Please reproduce the lines of the records below from the one holding "The Zamebezi Linen" through the one holding "sleevelets, frenchman, fringed", inclusive, skipping all pictures.

=== Records for the task ===

<<<<

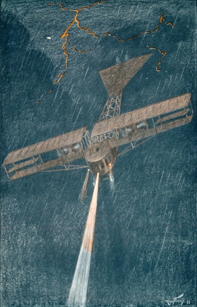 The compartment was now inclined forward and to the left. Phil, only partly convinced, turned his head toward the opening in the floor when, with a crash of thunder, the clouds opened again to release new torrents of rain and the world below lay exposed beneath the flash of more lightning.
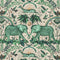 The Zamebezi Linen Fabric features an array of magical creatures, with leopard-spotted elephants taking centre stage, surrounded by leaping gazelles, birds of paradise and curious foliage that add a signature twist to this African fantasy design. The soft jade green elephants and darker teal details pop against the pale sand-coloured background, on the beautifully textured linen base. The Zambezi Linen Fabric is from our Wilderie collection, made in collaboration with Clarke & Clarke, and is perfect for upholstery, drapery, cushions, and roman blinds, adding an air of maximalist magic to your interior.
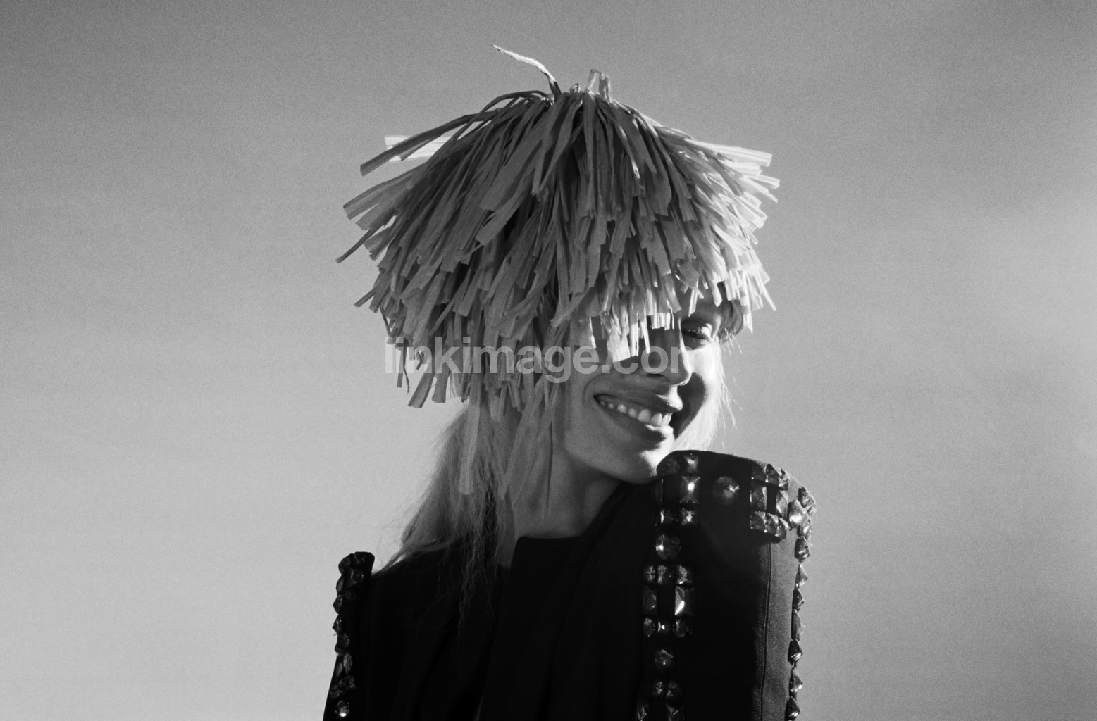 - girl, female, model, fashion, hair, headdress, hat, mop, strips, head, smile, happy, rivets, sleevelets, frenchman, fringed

>>>>
<<<<

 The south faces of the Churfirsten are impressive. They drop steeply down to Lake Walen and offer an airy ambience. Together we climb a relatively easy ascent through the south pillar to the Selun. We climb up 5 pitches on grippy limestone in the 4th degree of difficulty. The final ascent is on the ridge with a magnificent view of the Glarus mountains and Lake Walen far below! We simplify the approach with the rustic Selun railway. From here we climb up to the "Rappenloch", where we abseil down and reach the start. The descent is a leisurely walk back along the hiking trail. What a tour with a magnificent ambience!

>>>>
<<<<

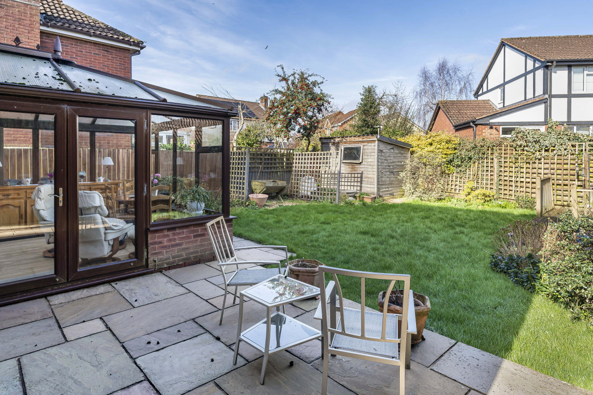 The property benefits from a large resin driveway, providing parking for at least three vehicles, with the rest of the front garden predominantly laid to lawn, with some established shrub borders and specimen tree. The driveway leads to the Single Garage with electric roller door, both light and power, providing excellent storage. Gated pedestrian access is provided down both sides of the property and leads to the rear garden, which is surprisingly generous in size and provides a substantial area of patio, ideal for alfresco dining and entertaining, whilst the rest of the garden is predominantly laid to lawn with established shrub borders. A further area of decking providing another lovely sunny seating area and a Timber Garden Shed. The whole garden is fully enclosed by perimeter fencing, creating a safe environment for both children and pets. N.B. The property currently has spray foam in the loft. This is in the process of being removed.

>>>>

=== Output ===
 The Zamebezi Linen Fabric features an array of magical creatures, with leopard-spotted elephants taking centre stage, surrounded by leaping gazelles, birds of paradise and curious foliage that add a signature twist to this African fantasy design. The soft jade green elephants and darker teal details pop against the pale sand-coloured background, on the beautifully textured linen base. The Zambezi Linen Fabric is from our Wilderie collection, made in collaboration with Clarke & Clarke, and is perfect for upholstery, drapery, cushions, and roman blinds, adding an air of maximalist magic to your interior.
 - girl, female, model, fashion, hair, headdress, hat, mop, strips, head, smile, happy, rivets, sleevelets, frenchman, fringed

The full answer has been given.